The goal, firstly, is to renew the trust of a faithful audience that had been voting with their feet but whose good will was certainly evident: they showed up in force in March for David Suchet’s solo show Poirot and More, A Retrospective, programmed specifically to swell the theatre’s coffers, and should warm to the notables promised for the mainstage alongside a spirit of continued adventure in the Theatre Downstairs. The plan, too, is to ramp up Hampstead’s level of philanthropy - increasingly in Britain, as has long been true in America, a crucial way forward.

Lauren Gunderson’s anthropology, the season-opener in the main house, is a topical thriller for a cast of four women that will find the San Francisco-based playwright represented at the Hampstead at the same time as the West End premiere of her new musical, The Time Traveller’s Wife, based on the Audrey Niffenegger best-seller. Gunderson was last seen at Hampstead with Edward Hall’s 2018 production of her widely seen two-hander, I and You.

Richard Bean and Richard Wilson, a matchless author-director partnership dating back decades to the Royal Court, are next up with the premiere of To Have and To Hold, a comedy about two 60-year-olds dealing with 90-year-old parents. Following that is the first London revival of Tom Stoppard’s dazzling 2006 play Rock ‘n’ Roll, set between Cambridge and Prague and directed by the writer-director Nina Raine, who saw the director Trevor Nunn’s original production twice.

Last of the four is a world premiere from John Logan, the Tony-winning author of the play Red and a three-time Oscar nominee. Two two-handers interwoven one with the other, the characters in Double Feature include Vincent Price and Alfred Hitchcock at the time that Hitchcock was making the Tippi Hedren film, Marnie. Jonathan Kent is set to direct a play that, like its three predecessors, should attract exciting actors. Says Ripley-Duggan: “These are good juicy roles.”

The flexible basement auditorium – home to some of the more successful Hampstead shows of late, like Blackout Songs and Folk, both Olivier nominees – includes two plays, Magdalena Miecznicka’s Nineteen Gardens and Neil D’Souza’s Out of Season, directed by Alice Hamilton, the Hampstead’s new Associate Director. Marek Horn and Ed Madden, the writer-director duo behind Southwark Playhouse’s terrific 2021 play Yellowfin, re-team for the season opener Octopolis: “a brilliant play that fell into my lap,” says Ripley-Duggan. This Much I Know, lauded at its September 2022 premiere at the Aurora Theatre in Berkeley, California, will reacquaint London audiences with Jonathan Spector, author of the timely comedy Eureka Day seen at the Old Vic around the same time.

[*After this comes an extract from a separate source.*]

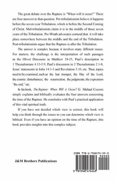An explanation and biblical evaluation of four answers The great debate over the Rapture is "When will it occur?" There are four answers to that question. Pre-tribulationists believe it happens before the seven-year Tribulation, which is before the Second Coming of Christ. Mid-tribulationists claim it is in the middle of those seven years of the Tribulation. Pre-Wrath advocates contend that it will take place somewhere between the middle and the end of the Tribulation. Post-tribulationists argue that the Rapture is after the Tribulation. The answer to this question is complex because it involves many different issues. For starters, the challenge is the interpretation of such passages as the Olivet Discourse in Matthew 24-25, Paul's description in 1 Thessalonians 4:13-5:9, Paul's discussion in 2 Thessalonians 2:1-8, Jesus' statements in John 14:1-3 and Revelation 3:10, etc. Then, some topics must be examined, such as the last trumpet, the Day of the Lord, cosmic disturbances, the resurrection, the judgments, the expression "the end," etc. In the Rapture Question: When Will it Occur, G. Michael Cocoris simply explains and biblically evaluates each of the four answers concerning the time of the Rapture. He concludes with Paul's practical application of this vital spiritual truth.

That leaves six more shows, three in each space, to take into summer, 2024, programming at a theatre that in every way means business. “We’re not closing any minute now,” says Ripley-Duggan. “There is a future for Hampstead Theatre.” Whether or not you partake of the excellent gin options on offer at the bar, I think all of us can drink to that.

Matt Wolf in September, 2023, marked 40 years as an American theatre critic in London.